W przełomowych dla jazzu latach 60. przyszłość gatunku utożsamiano z trzema nazwiskami: Milesa Davisa, Johna Coltrane'a i Dave'a Brubecka.Twórcę popularnego standardu "Take 5" wyróżniała w tym gronie nie tylko jasna skóra, lecz także akademickie wykształcenie oraz klasyczne ciągotki. Prezentowana przez słynny Kwartet Dave'a Brubecka wizja "białego jazzu" nurtowała zarówno zagorzałych miłośników swingu, jak i publiczność o zgoła odmiennych gustach. Nic dziwnego, że w latach 50. i 60. zespół regularnie zwyciężał w prestiżowych ankietach czasopism "Down Beat" i "Metronome", a jednocześnie koncertował w Białym Domu i trafiał na nie tylko jazzowe listy przebojów.
Warto także pamiętać o ogromnym wpływie, jak Dave Brubeck wywarł na rozwój jazzu nowoczesnego nad Wisłą. W 1958 roku na trasie jego legendarnego już wówczas Kwartetu znalazło się dwanaście polskich miast. brubeckowska wizja "modern jazzu" zapłodniła wówczas całą przyszłą czołówkę polskiej sceny, nie wyłączając Komedy, Wróblewskiego, Trzaskowskiego oraz Stańki, i pozostawiła wyraźny ślad na ich późniejszej twórczości.
Czy spadkobiercą "brubeckowksiej fali" można też nazwać Tomasza Szukalskiego? Wybitna saksfonista stał się centralną postacią polskiego jazzu w latach siedemdziesiątych, najpierw jako współpracownik Zbigniewa Namysłowskiego( słynne albumy „Winobranie” i „Kuyaviak Goes Funky”), z czasem jako lider autorskiego zespołu "The Quaret", zaliczanego przez wielu krajowych i zagranicznych krytyków do najważniejszych zespołów jazzowych Europy.Do współpracy zaczęli zaprasza Tomasza Szukalskiego najwybitniejsi polscy muzycy: Włodzimierz Nahorny, Ptaszyn Wróblewski czy Tomasz Stańko, z którym koncertował i nagrywał płyty w całej Europie (również dla prestiżowego wydawnictwa ECM) Europy.

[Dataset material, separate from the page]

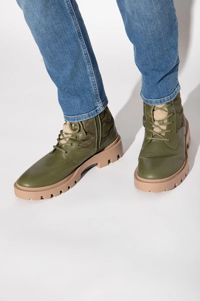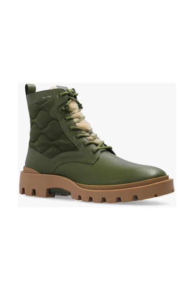 Groene ‘Citysole Lace Up’ enkelschoenen van Coach. Gemaakt van leer en getrimd met crèmekleurige shearling, heeft dit model een zijkastje, veterbevestigingen, gewatteerde stofdetails met een monogrampatroon en een bruine en groene rubberen zool met een transparante afwerking.
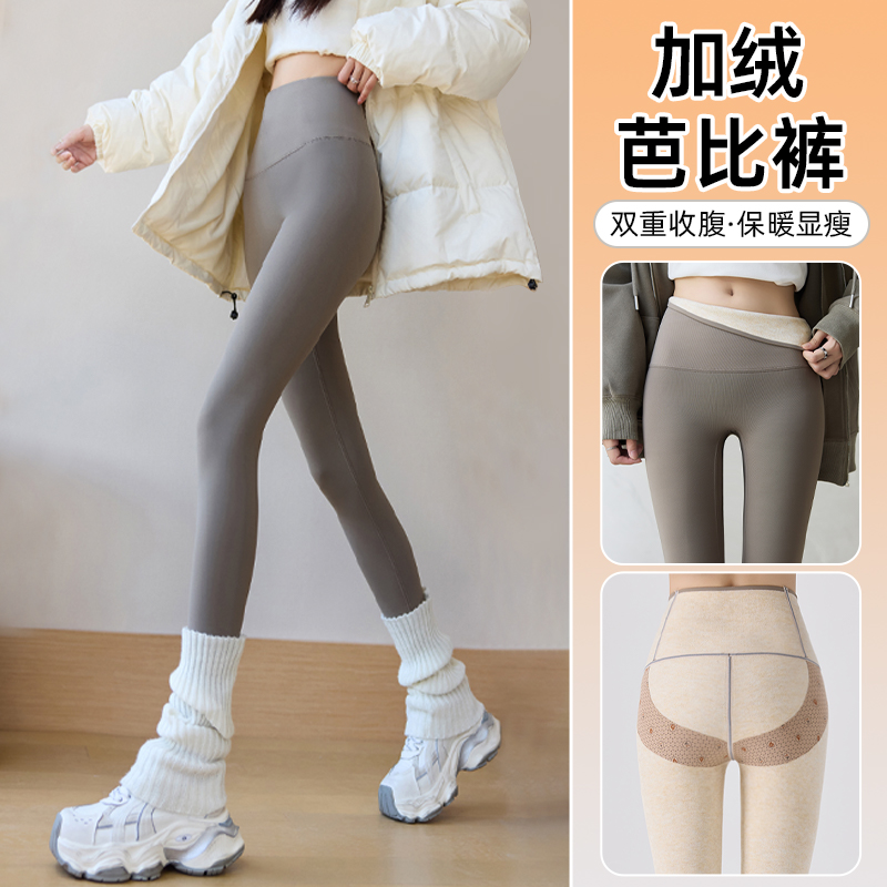 高腰保暖瑜伽裤 加绒加厚羊毛蚕丝打底裤 外穿2025冬季 白色鲨鱼路裤

Powrócimy raz jeszcze do "Dnia Szakala" - bezprecedensowego hołdu dla Tomasza Szukalskiego i zarazem koncertu charytatywnego (z udziałem Ewy Bem, Herdzin Trio, Marcin Wasilewski Trio, Wojciecha Karolaka, Adama Makowicza, Leszka Możdżera, Jarosława Śmietany, Michała Urbaniaka oraz Agi Zaryan), z którego dochód wsparł artystę w trudnej sytuacji zdrowotnej. Ponadto Baweł Brodowski zrecenzuje mikołajkowy występ Carli Bley w warszawskiej Filharmonii Narodowej.